#### Exercise data
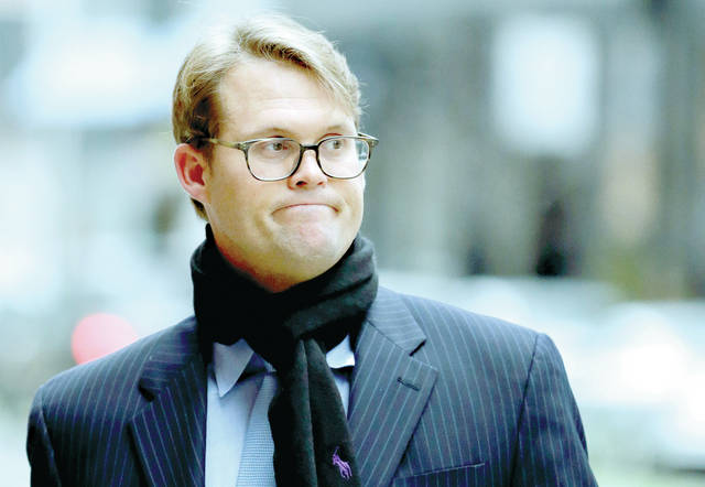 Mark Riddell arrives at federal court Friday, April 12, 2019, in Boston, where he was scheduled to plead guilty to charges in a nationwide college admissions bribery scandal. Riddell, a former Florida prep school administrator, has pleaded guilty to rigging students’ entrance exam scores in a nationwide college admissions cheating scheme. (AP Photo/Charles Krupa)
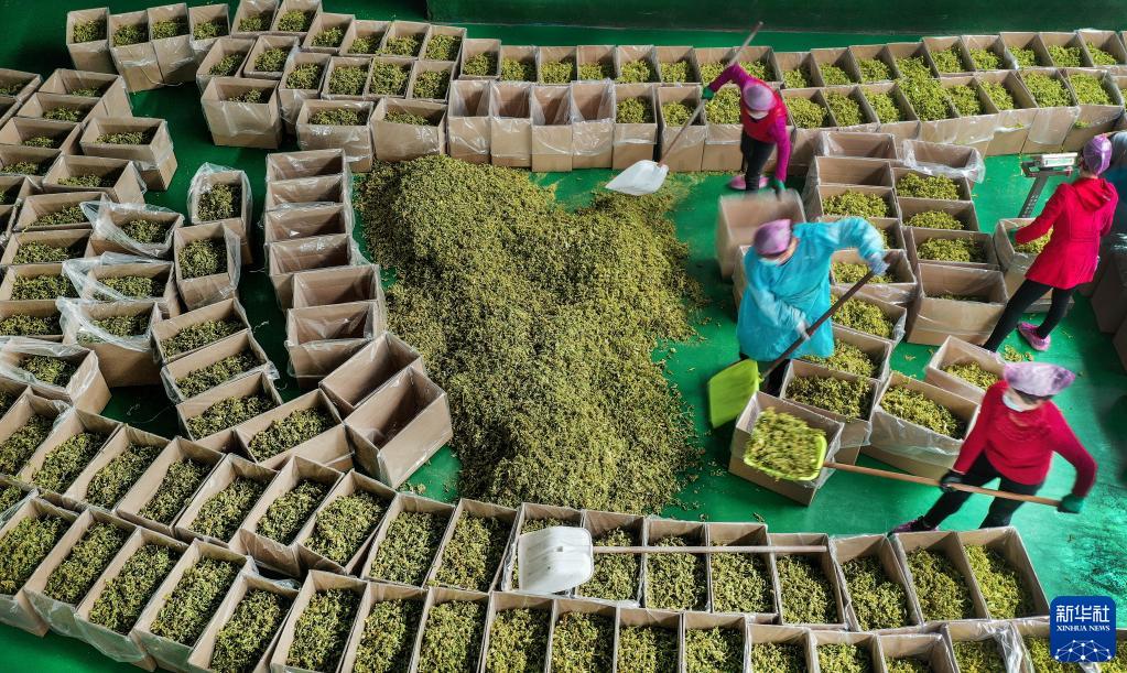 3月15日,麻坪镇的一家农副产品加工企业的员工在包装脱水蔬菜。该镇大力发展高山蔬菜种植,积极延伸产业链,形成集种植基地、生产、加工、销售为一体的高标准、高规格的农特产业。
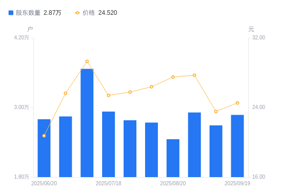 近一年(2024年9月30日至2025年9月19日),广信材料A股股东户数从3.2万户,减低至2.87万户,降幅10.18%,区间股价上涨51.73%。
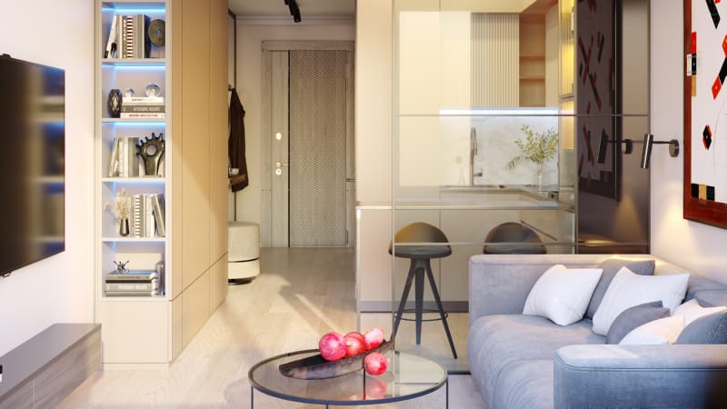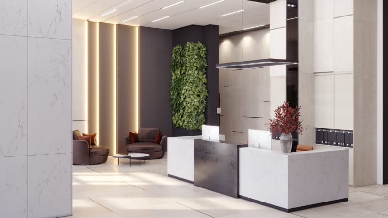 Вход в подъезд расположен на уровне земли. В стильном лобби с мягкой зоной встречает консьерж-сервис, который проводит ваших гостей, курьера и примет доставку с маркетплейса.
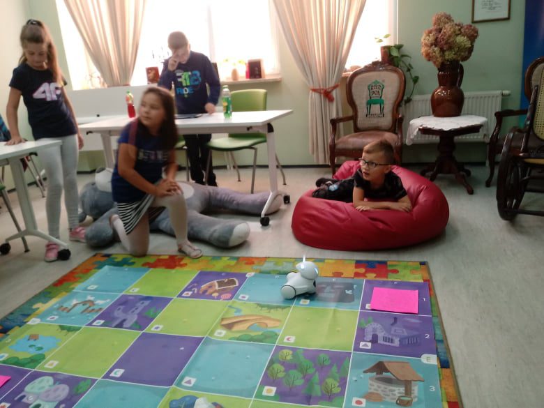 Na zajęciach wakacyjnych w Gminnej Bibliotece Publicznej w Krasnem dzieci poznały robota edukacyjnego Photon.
########
#### Exercise data
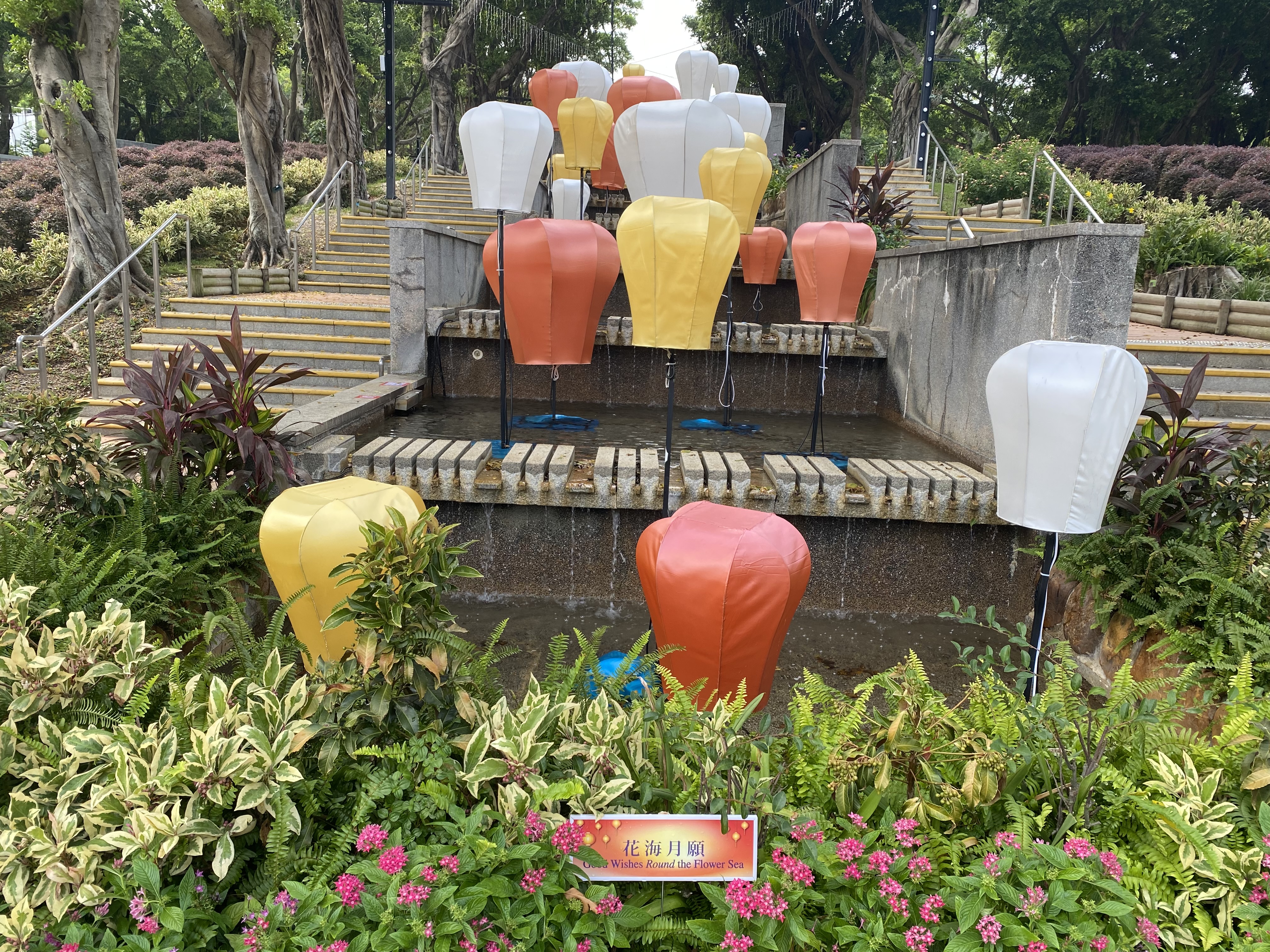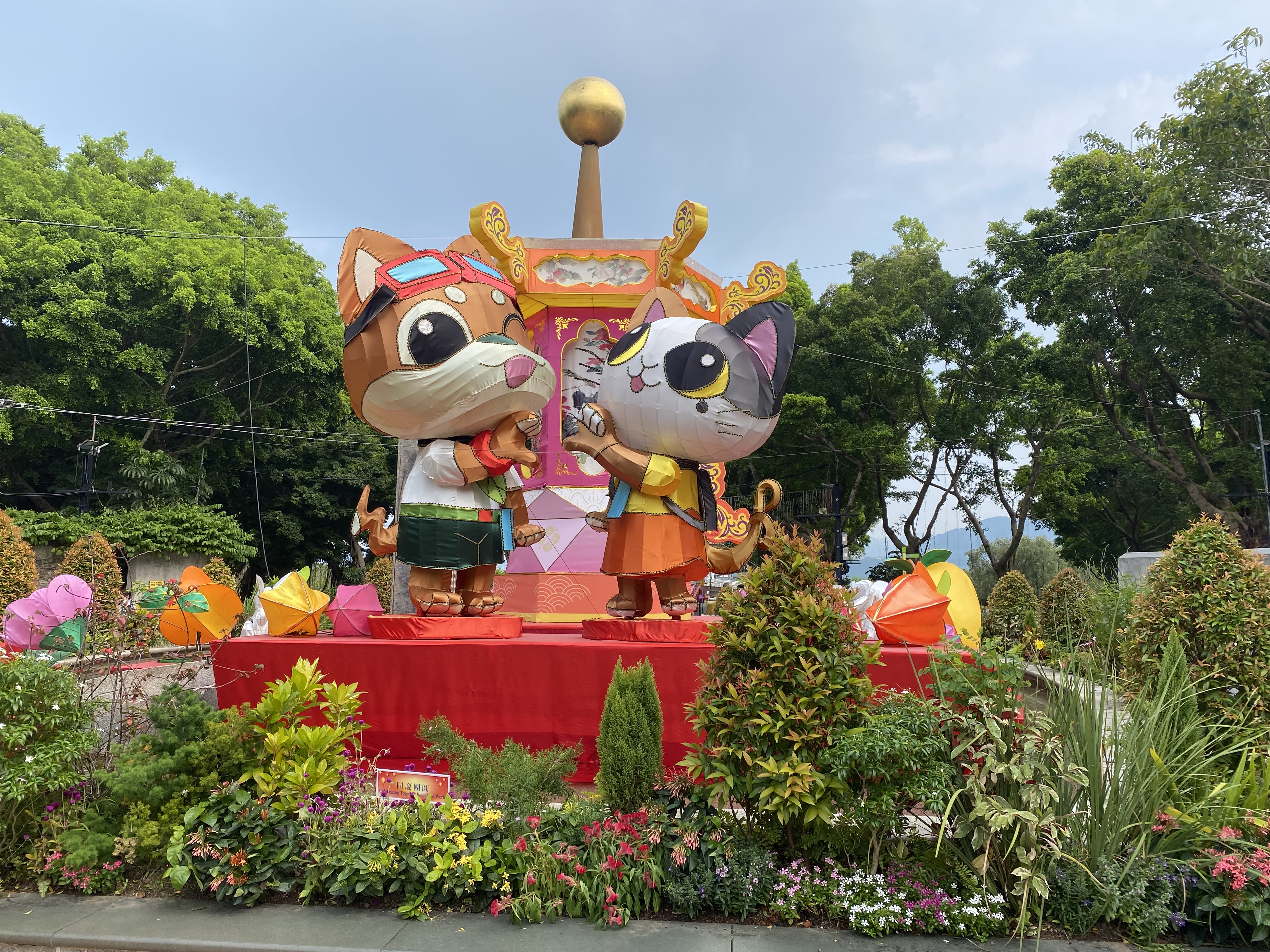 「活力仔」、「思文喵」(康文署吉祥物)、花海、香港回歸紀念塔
########
* [Your objective]:
Taking the material above, give again exactly the lines from the one holding "Mark Riddell arrives" through the one holding "Na zajęciach wakacyjnych", with both ends and without pictures.

* [Solution to this exercise]:
 Mark Riddell arrives at federal court Friday, April 12, 2019, in Boston, where he was scheduled to plead guilty to charges in a nationwide college admissions bribery scandal. Riddell, a former Florida prep school administrator, has pleaded guilty to rigging students’ entrance exam scores in a nationwide college admissions cheating scheme. (AP Photo/Charles Krupa)
 3月15日,麻坪镇的一家农副产品加工企业的员工在包装脱水蔬菜。该镇大力发展高山蔬菜种植,积极延伸产业链,形成集种植基地、生产、加工、销售为一体的高标准、高规格的农特产业。
 近一年(2024年9月30日至2025年9月19日),广信材料A股股东户数从3.2万户,减低至2.87万户,降幅10.18%,区间股价上涨51.73%。
 Вход в подъезд расположен на уровне земли. В стильном лобби с мягкой зоной встречает консьерж-сервис, который проводит ваших гостей, курьера и примет доставку с маркетплейса.
 Na zajęciach wakacyjnych w Gminnej Bibliotece Publicznej w Krasnem dzieci poznały robota edukacyjnego Photon.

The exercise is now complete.